The plan is done when, on a fresh clone:

```bash
cd server && npm install && npm run build && npm test && npm run e2e
# All green

# In iOS:
# Open Xcode, run all tests via XcodeBuildMCP
# All green

# A signed build is in TestFlight
# docs/MVP_TESTFLIGHT_NOTES.md exists
```

And Craig has the TestFlight invite link to share.

---

## 9. Approval

**Approved by Craig:** 2026-04-13 — chose Option A, instructed to write design, commit, and execute through MVP.

**Next step:** Invoke `superpowers:writing-plans` skill to convert this design into an executable, sub-agent-friendly implementation plan.

---

## 10. Decisions (ADRs)

### ADR-001: Simulator entry point = `PlayerSession` (not WebSocketServer)

**Context:** Phase 1 needs a headless harness that can run full lifetimes in milliseconds. Two options: spin up the full `WebSocketServer` and connect a fake client, or instantiate `PlayerSession` directly with a stub WebSocket.

**Decision:** Instantiate `PlayerSession` directly.

**Rationale:**
- `PlayerSession`'s only `ws` usage is `ws.readyState === WebSocket.OPEN` and `ws.send(data)` — trivially mockable with `{ readyState: 1, send: collector }`.
- An existing test pattern already does this: `server/tests/game/playerSession.regression.test.ts` (`createSession` helper at lines 105-112).
- Skipping the WebSocket layer removes ~50ms of boot per test run and eliminates dispatcher/handler coupling we don't need.
- We drive ticks by calling `(session as any).advanceMinute()` in a loop, bypassing `setInterval` entirely. This makes simulation deterministic and fast.

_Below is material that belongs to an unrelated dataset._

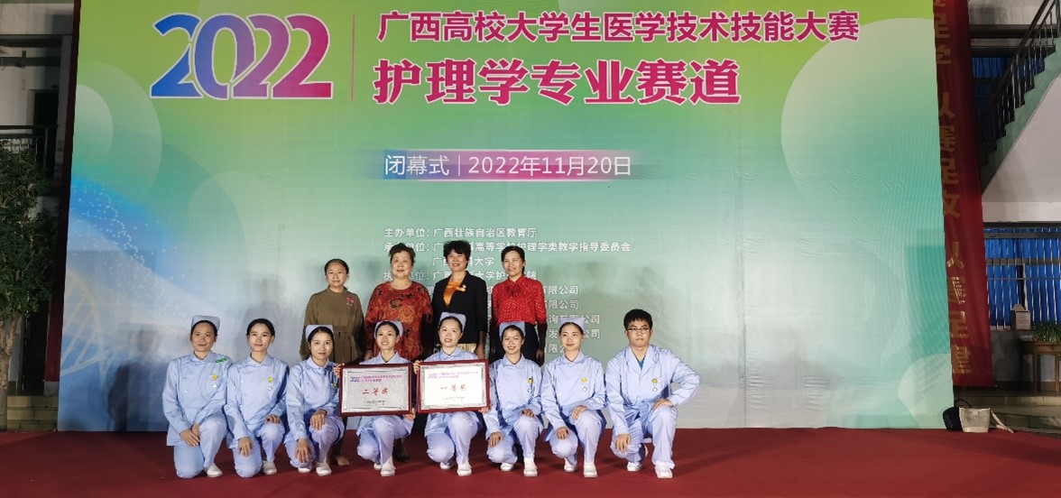 我校代表队在2022年广西高校大学生医学技术技能大赛 (护理学专业赛道)比赛中荣获团体一等奖和二等奖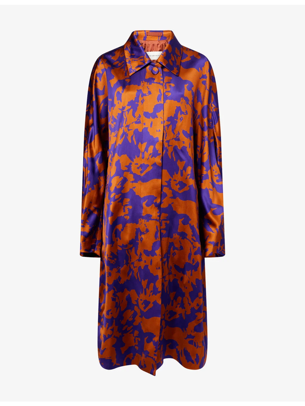 PRODUCT DETAILS - Dries Van Noten woven coat - 100% viscose; lining 100% viscose - Concealed button fastenings at front - Relaxed fit, spread-collar, long sleeves, two welt pockets at front, all-over abstract print, all-over satin texture, fully lined - Dry clean - Made in Romania - True to size - Size UK 8: length 45in / 115cm - Model is 5ft 10in/1.78m and wears a size UK 8 - Midweight, non-stretch Ref: R04557772

**Required mocks (minimum viable):**
- `src/database/players.js` → `savePlayer`, `saveConversation` → noop
- `src/database/eventInstances.js` → in-memory store (so v2 event runtime can create/answer/resolve events)
- `src/services/notifications/notificationManager.js` → `notifyRealtimeEvent`, `queueRealtimeNotification`, `clearThrottle` → noop

**NOT mocked:**
- `stats_manager` (age progression, peak energy, etc.)
- `health_manager` (death checks, death chance)
- `intradayActivity` (daily plan, intraday location)
- `events/v2/runtime` (real event engine)
- Event definitions themselves
- Retention integration

The whole point of the simulator is to run real game logic. Mocking it would defeat the purpose.

**Consequence:** Bugs the simulator catches are bugs in real game logic, not mock artifacts. Phase 2 fixes address actual issues.